SHERBURN - It's tough enough to fit in during high school without a bully making life miserable.

Unfortunately, bullying today goes beyond stealing lunch money. Given cell phones and Facebook, it's easier to be a bully, and to be much more vicious.

Nationwide, teen and young adult suicides have made headlines because of bullying. Those stories were shown during a student group's push for an anti-bullying pledge Wednesday at Martin County West.

Article Photos

NO?BULLYING?— Martin County West High School students Eric Reisdorfer, from left, Patience Poyzer, Allen Thompson and Cody Allen Leschefske collect names from fellow students as they sign the pledge to not bully their classmates Wednesday in Sherburn.

"While they're standing in line for lunch, they have a chance to see this Power Point," explained Beth Haskins, an instructor for the Safe Boundaries group at Martin County West. "Bullying is so prevalent, so we focused on the suicides as a result of bullying"

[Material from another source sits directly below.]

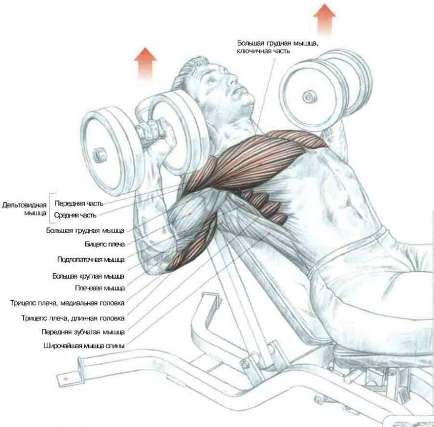 Верхняя часть грудных мышц качается лучше всего при наклоне скамьи градусов. Также работают передние пучки дельтовидных мышц и трицепсы. В отличие от выполнения данного упражнения со штангой, с гантелями достигается более широкая амплитуда движения.

Safe Boundaries is in the pilot stage at Martin County West. Haskins, along with Billie Gatton, both of Community Options and Resources, oversee the initiative. The success seen with students in the pilot program may help get it implemented for the entire student body.

"The Safe Boundaries is human development and sexuality educational programs for individuals with developmental disabilities," Haskins explained. "Most of it deals with social behaviors and self-esteem. It was designed for people with developmental disabilities, to help them protect themselves from abuse, and have respect for themselves."

From the pilot program, students involved have already shown great progress.

"We're definitely seeing more self-confidence, more maturing," said Christine Hall, a staff member at Martin County West who works with students in the program.

"I've become stronger, I try to help people who are bullied, and I have helped two people," said Brittany DeVary, a senior at Martin County West. "They went and told somebody about it."

DeVary added she never would have had the courage to step in before the Safe Boundaries class.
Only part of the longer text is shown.